Sequence Building (build_sequences.py)

  • Format: Dict[user_id, List[item_id]]
  • Padding: 0 reserved, IDs are 1-indexed
  • Max length: 50 items (truncated)
# Run via unified pipeline
python scripts/run_pipeline.py --stage books

# Or manually
python scripts/data/clean_data.py --backup
python scripts/data/split_rec_data.py
python scripts/data/build_sequences.py

Script conventions: Use config.data_config for paths; scripts.utils.setup_script_logger() for logging.


Phase 3: Index Building

3.1 Vector Database (ChromaDB)

python scripts/data/init_dual_index.py

Output: data/chroma_db/ (222K book vectors)

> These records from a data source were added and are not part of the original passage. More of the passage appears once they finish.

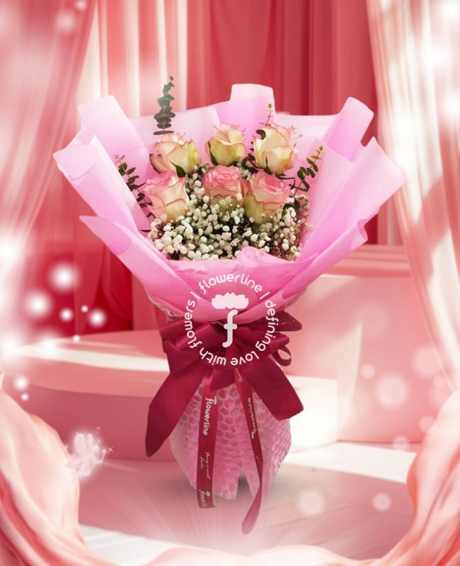 The bouquet comes with 6 stems of Bangkok Roses and fillers. The flowers are tied with abaca and burlap wrappers plus a ribbon.
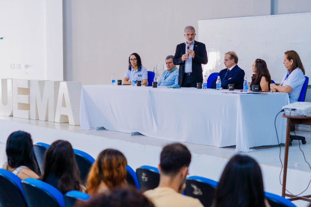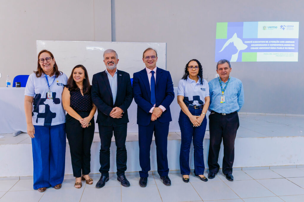 Compuseram a mesa de abertura o reitor da Uema, Walter Canales; o promotor de Justiça do Meio Ambiente do Maranhão, Claudio Rebêlo Alencar; a coordenadora da Unidade de Vigilância de Zoonoses de São Luís, Regina Célia Froes; o diretor do hospital veterinário municipal, Arnaldo Muniz Garcia; a diretora do HVU, Solange de Araújo Melo; e a presidente do Comitê Executivo de Atenção aos Animais Abandonados e Semidomiciliados do Campus Paulo VI, Andrea Araujo do Carmo.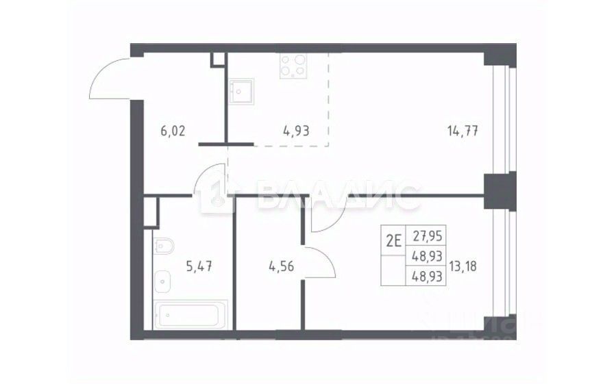 - Общая площадь: 48,93 кв. м.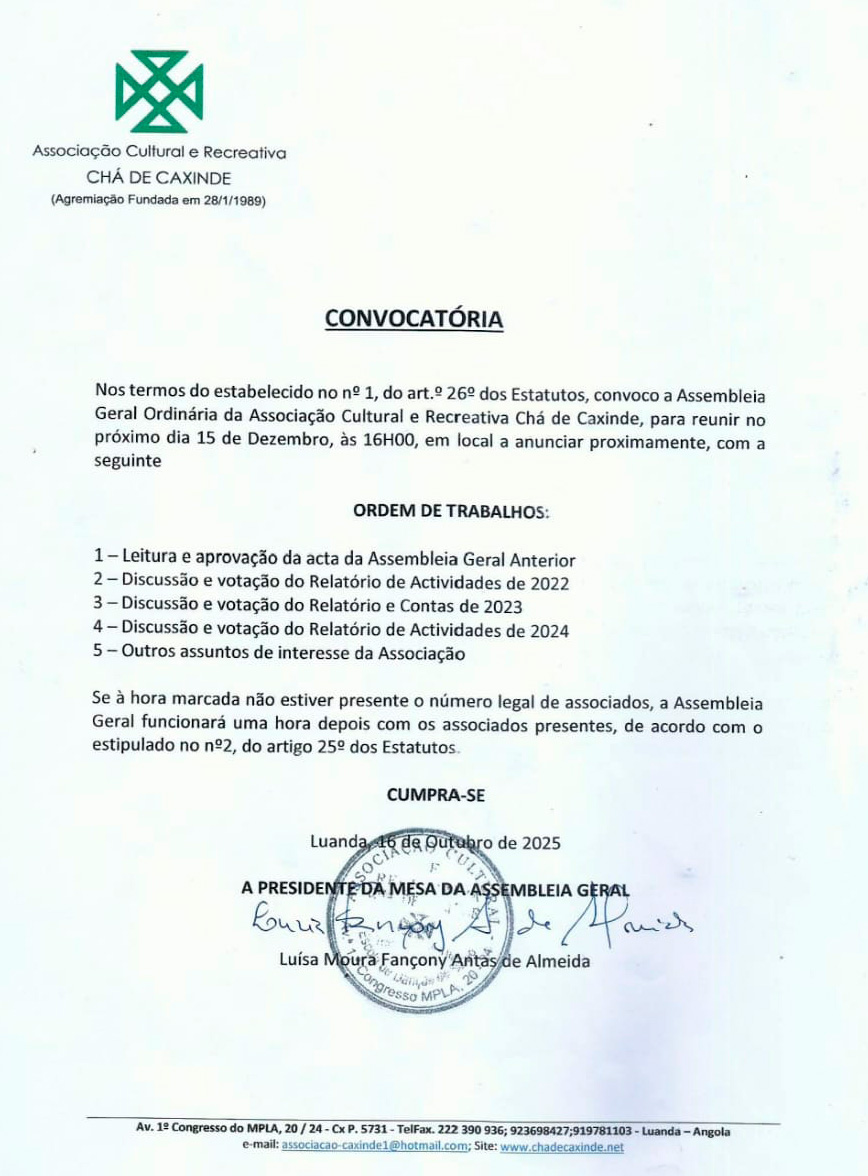 Há, entretanto, movimentações no sentido de se adiar esta reunião para o mês de Janeiro de modos a conseguir-se uma maior mobilização dos associados, tendo em conta o momento crítico que se vive.

3.2 Review Chunks Index (Small-to-Big)

python scripts/data/extract_review_sentences.py

Output: data/chroma_chunks/ (788K sentence vectors)


Phase 4: Model Training

4.1 Recall Models (CPU OK)

# Build ItemCF / UserCF / Swing / Popularity
python scripts/model/build_recall_models.py

Output: data/model/recall/itemcf.pkl, usercf.pkl, swing.pkl, popularity.pkl

Training Time (Apple Silicon CPU):

Model Time
ItemCF (direction-weighted) ~2 min
UserCF ~7 sec
Swing (optimized) ~35 sec
Popularity <1 sec

4.2 YoutubeDNN (GPU Recommended)

# Train two-tower model
python scripts/model/train_youtube_dnn.py

Output: data/model/recall/youtube_dnn.pt

Training: ~50 epochs, 2048 batch, ~30 min on GPU

4.3 SASRec (GPU Recommended)

# Train sequence model
python scripts/model/train_sasrec.py

Output: data/model/recall/sasrec.pt

Training: ~30 epochs, ~20 min on GPU

4.4 LGBMRanker (LambdaRank)

# Train ranking model (hard negative sampling from recall results)
python scripts/model/train_ranker.py

Output: data/model/ranking/lgbm_ranker.txt

Training: ~16 min on CPU (20K users sampled, 4Γ— hard negatives, 17 features)


Phase 5: Service Startup

Backend

make run
# or
uvicorn src.main:app --reload --port 6006

Startup Log:

Loading embedding model...           # ~20s
Loaded 222003 documents             # ~10s
BM25 Index built with 222005 docs   # ~12s
Engines Initialized.                # Ready!

Frontend

cd web
npm run dev

Access:


Data Flow Summary

data/
β”œβ”€β”€ raw/
β”‚   β”œβ”€β”€ books_data.csv          # Original book metadata
β”‚   └── Books_rating.csv        # Original ratings
β”œβ”€β”€ books_basic_info.csv        # Processed book info
β”œβ”€β”€ books_processed.csv         # Full processed data
β”œβ”€β”€ chroma_db/                  # Vector index (222K)
β”œβ”€β”€ chroma_chunks/              # Review chunks (788K)
β”œβ”€β”€ rec/
β”‚   β”œβ”€β”€ train.csv               # 1.08M training records
β”‚   β”œβ”€β”€ val.csv                 # 168K validation
β”‚   β”œβ”€β”€ test.csv                # 168K test
β”‚   β”œβ”€β”€ user_sequences.pkl      # User history
β”‚   └── item_map.pkl            # ISBN β†’ ID mapping
β”œβ”€β”€ model/
β”‚   β”œβ”€β”€ recall/
β”‚   β”‚   β”œβ”€β”€ itemcf.pkl          # ItemCF matrix (direction-weighted)
β”‚   β”‚   β”œβ”€β”€ usercf.pkl          # UserCF matrix
β”‚   β”‚   β”œβ”€β”€ swing.pkl           # Swing matrix
β”‚   β”‚   β”œβ”€β”€ popularity.pkl      # Popularity scores
β”‚   β”‚   β”œβ”€β”€ youtube_dnn.pt      # Two-tower model
β”‚   β”‚   └── sasrec.pt           # Sequence model
β”‚   └── ranking/
β”‚       └── lgbm_ranker.txt     # LGBMRanker (LambdaRank)
└── user_profiles.json          # User favorites

Training on GPU Server

If local machine is slow, use AutoDL/Cloud:

# Sync to server
rsync -avz . user@server:/path/to/project

# On server
python scripts/model/train_youtube_dnn.py
python scripts/model/train_sasrec.py

# Sync back
rsync -avz user@server:/path/to/project/data/model ./data/

Minimal Local Run (Without Training)

If you only have raw data but no trained models:

  1. ItemCF/UserCF/Swing will work (CPU-trained on-demand)
  2. YoutubeDNN will be skipped (graceful degradation)
  3. SASRec features will be 0.0
  4. LGBMRanker needs to be trained or use recall-score fallback

System will run with reduced accuracy but functional.


Last Updated: January 2026